» DIRECTIONS
Restate word for word the entries below, starting with the line with "جلیقه جین بچگانه" and continuing through the line with "Mit diesem manuellen". Include both of those lines and no others.

» INPUT DATA
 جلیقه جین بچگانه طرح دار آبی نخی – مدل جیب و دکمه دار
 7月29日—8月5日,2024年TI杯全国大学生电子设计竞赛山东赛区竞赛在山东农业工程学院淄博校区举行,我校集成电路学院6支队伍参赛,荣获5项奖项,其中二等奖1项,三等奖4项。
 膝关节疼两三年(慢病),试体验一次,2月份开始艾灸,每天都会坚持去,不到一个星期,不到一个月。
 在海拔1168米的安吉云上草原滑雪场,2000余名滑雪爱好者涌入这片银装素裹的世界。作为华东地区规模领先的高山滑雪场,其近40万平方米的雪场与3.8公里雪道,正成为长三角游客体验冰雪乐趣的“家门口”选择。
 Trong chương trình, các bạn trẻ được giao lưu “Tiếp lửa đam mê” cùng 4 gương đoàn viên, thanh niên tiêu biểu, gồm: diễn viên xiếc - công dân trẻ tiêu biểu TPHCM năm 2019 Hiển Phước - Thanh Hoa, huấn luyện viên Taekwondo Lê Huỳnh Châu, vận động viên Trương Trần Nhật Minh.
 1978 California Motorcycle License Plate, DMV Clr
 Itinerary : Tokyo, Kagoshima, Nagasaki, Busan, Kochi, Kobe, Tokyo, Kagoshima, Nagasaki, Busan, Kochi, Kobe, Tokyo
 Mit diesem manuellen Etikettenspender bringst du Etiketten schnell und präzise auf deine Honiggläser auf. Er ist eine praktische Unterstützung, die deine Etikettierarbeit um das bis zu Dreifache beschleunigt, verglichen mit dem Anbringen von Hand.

--

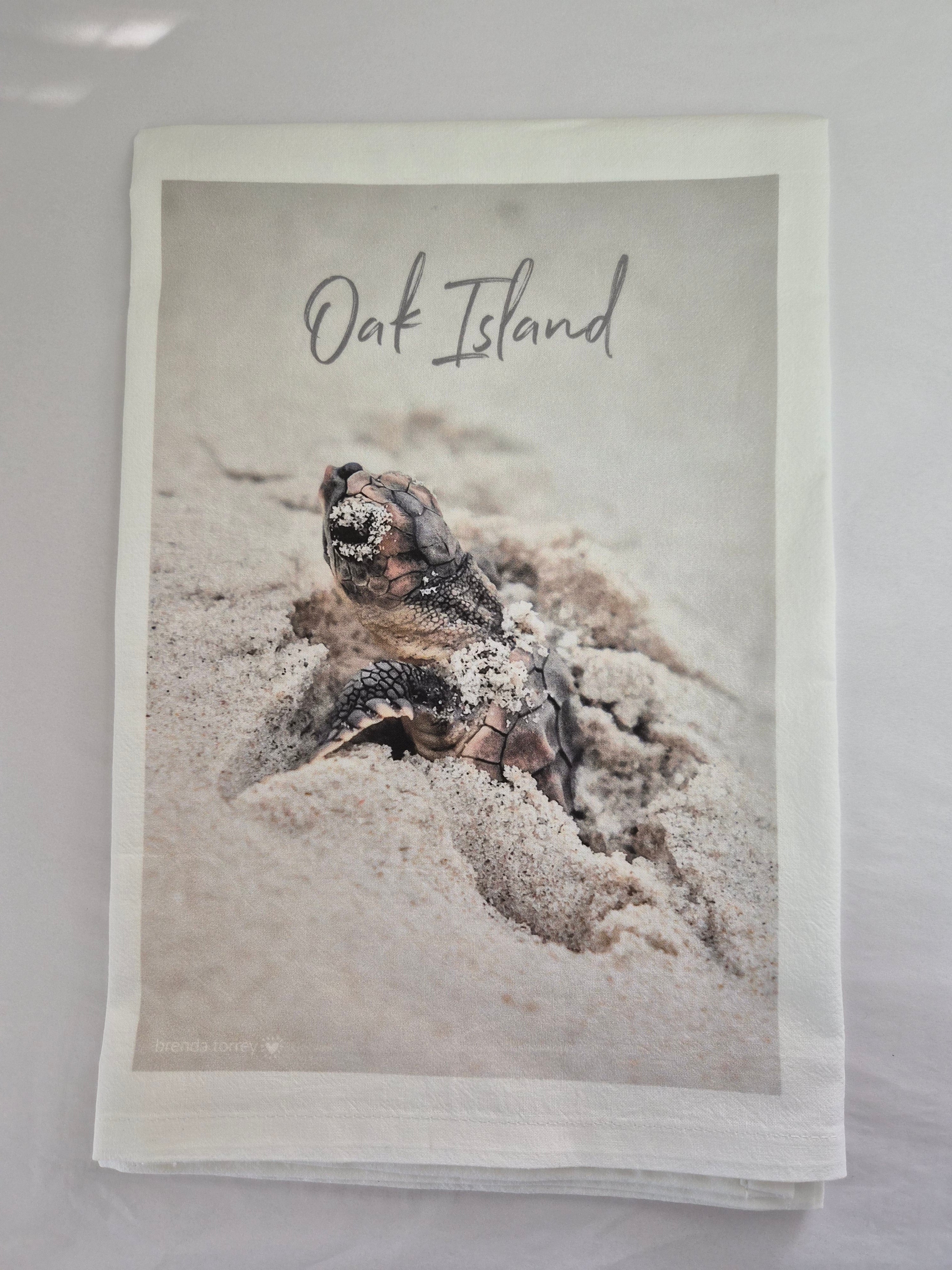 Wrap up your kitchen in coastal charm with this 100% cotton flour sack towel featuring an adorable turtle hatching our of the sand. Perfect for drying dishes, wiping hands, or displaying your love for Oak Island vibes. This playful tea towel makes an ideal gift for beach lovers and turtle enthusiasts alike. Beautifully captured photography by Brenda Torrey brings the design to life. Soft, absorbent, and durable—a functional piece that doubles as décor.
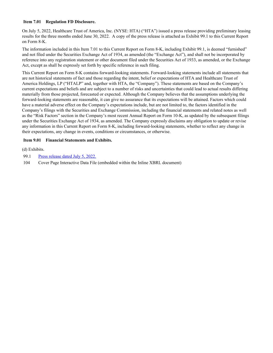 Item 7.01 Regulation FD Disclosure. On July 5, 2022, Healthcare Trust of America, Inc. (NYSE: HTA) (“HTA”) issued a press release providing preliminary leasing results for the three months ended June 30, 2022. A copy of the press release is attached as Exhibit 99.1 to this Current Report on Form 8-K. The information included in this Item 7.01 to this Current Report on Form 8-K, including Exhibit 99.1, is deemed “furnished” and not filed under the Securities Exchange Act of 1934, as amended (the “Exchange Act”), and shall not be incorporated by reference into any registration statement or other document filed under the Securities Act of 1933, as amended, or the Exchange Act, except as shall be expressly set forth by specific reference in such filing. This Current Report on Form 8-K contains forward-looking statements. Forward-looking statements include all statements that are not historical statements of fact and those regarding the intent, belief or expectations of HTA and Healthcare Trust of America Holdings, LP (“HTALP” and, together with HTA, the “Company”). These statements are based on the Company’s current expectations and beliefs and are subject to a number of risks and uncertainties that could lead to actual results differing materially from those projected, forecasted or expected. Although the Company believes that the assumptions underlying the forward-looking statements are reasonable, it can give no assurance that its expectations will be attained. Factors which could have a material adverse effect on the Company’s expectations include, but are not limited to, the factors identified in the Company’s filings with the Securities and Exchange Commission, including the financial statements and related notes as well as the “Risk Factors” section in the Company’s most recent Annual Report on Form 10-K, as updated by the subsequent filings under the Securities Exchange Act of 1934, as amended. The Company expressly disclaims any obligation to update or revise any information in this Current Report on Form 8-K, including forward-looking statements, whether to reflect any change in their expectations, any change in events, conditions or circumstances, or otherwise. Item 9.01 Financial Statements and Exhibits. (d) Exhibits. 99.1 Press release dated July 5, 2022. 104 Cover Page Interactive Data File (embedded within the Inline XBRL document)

» SOLUTION TO THIS EXERCISE
 جلیقه جین بچگانه طرح دار آبی نخی – مدل جیب و دکمه دار
 7月29日—8月5日,2024年TI杯全国大学生电子设计竞赛山东赛区竞赛在山东农业工程学院淄博校区举行,我校集成电路学院6支队伍参赛,荣获5项奖项,其中二等奖1项,三等奖4项。
 膝关节疼两三年(慢病),试体验一次,2月份开始艾灸,每天都会坚持去,不到一个星期,不到一个月。
 在海拔1168米的安吉云上草原滑雪场,2000余名滑雪爱好者涌入这片银装素裹的世界。作为华东地区规模领先的高山滑雪场,其近40万平方米的雪场与3.8公里雪道,正成为长三角游客体验冰雪乐趣的“家门口”选择。
 Trong chương trình, các bạn trẻ được giao lưu “Tiếp lửa đam mê” cùng 4 gương đoàn viên, thanh niên tiêu biểu, gồm: diễn viên xiếc - công dân trẻ tiêu biểu TPHCM năm 2019 Hiển Phước - Thanh Hoa, huấn luyện viên Taekwondo Lê Huỳnh Châu, vận động viên Trương Trần Nhật Minh.
 1978 California Motorcycle License Plate, DMV Clr
 Itinerary : Tokyo, Kagoshima, Nagasaki, Busan, Kochi, Kobe, Tokyo, Kagoshima, Nagasaki, Busan, Kochi, Kobe, Tokyo
 Mit diesem manuellen Etikettenspender bringst du Etiketten schnell und präzise auf deine Honiggläser auf. Er ist eine praktische Unterstützung, die deine Etikettierarbeit um das bis zu Dreifache beschleunigt, verglichen mit dem Anbringen von Hand.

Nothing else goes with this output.